┌─ Supplied information

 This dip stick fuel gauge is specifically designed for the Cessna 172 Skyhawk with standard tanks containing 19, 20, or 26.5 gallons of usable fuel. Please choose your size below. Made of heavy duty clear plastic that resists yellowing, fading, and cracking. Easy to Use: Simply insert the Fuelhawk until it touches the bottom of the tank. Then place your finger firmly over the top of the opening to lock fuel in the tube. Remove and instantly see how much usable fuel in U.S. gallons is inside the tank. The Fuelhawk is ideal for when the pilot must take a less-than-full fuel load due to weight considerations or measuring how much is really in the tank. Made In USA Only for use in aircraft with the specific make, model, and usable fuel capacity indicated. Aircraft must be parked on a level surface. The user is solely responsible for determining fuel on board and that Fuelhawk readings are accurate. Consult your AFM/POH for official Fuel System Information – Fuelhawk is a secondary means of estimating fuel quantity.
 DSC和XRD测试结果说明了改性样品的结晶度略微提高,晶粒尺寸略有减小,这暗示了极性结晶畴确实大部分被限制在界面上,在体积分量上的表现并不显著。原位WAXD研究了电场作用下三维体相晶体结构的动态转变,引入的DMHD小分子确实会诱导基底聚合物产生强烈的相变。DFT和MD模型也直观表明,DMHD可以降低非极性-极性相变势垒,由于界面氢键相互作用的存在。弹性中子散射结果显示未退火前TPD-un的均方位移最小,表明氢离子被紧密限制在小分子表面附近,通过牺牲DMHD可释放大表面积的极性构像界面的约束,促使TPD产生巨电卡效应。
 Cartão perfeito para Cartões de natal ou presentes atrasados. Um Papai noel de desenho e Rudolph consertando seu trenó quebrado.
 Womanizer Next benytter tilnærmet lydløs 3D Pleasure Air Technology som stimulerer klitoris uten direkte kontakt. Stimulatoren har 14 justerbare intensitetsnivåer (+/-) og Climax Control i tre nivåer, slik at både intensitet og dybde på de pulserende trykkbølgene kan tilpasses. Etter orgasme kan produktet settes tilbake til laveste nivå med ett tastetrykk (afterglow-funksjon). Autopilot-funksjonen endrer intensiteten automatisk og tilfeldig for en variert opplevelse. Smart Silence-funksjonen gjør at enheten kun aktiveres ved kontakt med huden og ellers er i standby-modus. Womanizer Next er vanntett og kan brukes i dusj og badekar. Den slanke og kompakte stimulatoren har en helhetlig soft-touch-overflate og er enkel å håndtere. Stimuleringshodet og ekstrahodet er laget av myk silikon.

└─

What is expected: A verbatim version of the complete listing above is to be returned.

Written answer:
 This dip stick fuel gauge is specifically designed for the Cessna 172 Skyhawk with standard tanks containing 19, 20, or 26.5 gallons of usable fuel. Please choose your size below. Made of heavy duty clear plastic that resists yellowing, fading, and cracking. Easy to Use: Simply insert the Fuelhawk until it touches the bottom of the tank. Then place your finger firmly over the top of the opening to lock fuel in the tube. Remove and instantly see how much usable fuel in U.S. gallons is inside the tank. The Fuelhawk is ideal for when the pilot must take a less-than-full fuel load due to weight considerations or measuring how much is really in the tank. Made In USA Only for use in aircraft with the specific make, model, and usable fuel capacity indicated. Aircraft must be parked on a level surface. The user is solely responsible for determining fuel on board and that Fuelhawk readings are accurate. Consult your AFM/POH for official Fuel System Information – Fuelhawk is a secondary means of estimating fuel quantity.
 DSC和XRD测试结果说明了改性样品的结晶度略微提高,晶粒尺寸略有减小,这暗示了极性结晶畴确实大部分被限制在界面上,在体积分量上的表现并不显著。原位WAXD研究了电场作用下三维体相晶体结构的动态转变,引入的DMHD小分子确实会诱导基底聚合物产生强烈的相变。DFT和MD模型也直观表明,DMHD可以降低非极性-极性相变势垒,由于界面氢键相互作用的存在。弹性中子散射结果显示未退火前TPD-un的均方位移最小,表明氢离子被紧密限制在小分子表面附近,通过牺牲DMHD可释放大表面积的极性构像界面的约束,促使TPD产生巨电卡效应。
 Cartão perfeito para Cartões de natal ou presentes atrasados. Um Papai noel de desenho e Rudolph consertando seu trenó quebrado.
 Womanizer Next benytter tilnærmet lydløs 3D Pleasure Air Technology som stimulerer klitoris uten direkte kontakt. Stimulatoren har 14 justerbare intensitetsnivåer (+/-) og Climax Control i tre nivåer, slik at både intensitet og dybde på de pulserende trykkbølgene kan tilpasses. Etter orgasme kan produktet settes tilbake til laveste nivå med ett tastetrykk (afterglow-funksjon). Autopilot-funksjonen endrer intensiteten automatisk og tilfeldig for en variert opplevelse. Smart Silence-funksjonen gjør at enheten kun aktiveres ved kontakt med huden og ellers er i standby-modus. Womanizer Next er vanntett og kan brukes i dusj og badekar. Den slanke og kompakte stimulatoren har en helhetlig soft-touch-overflate og er enkel å håndtere. Stimuleringshodet og ekstrahodet er laget av myk silikon.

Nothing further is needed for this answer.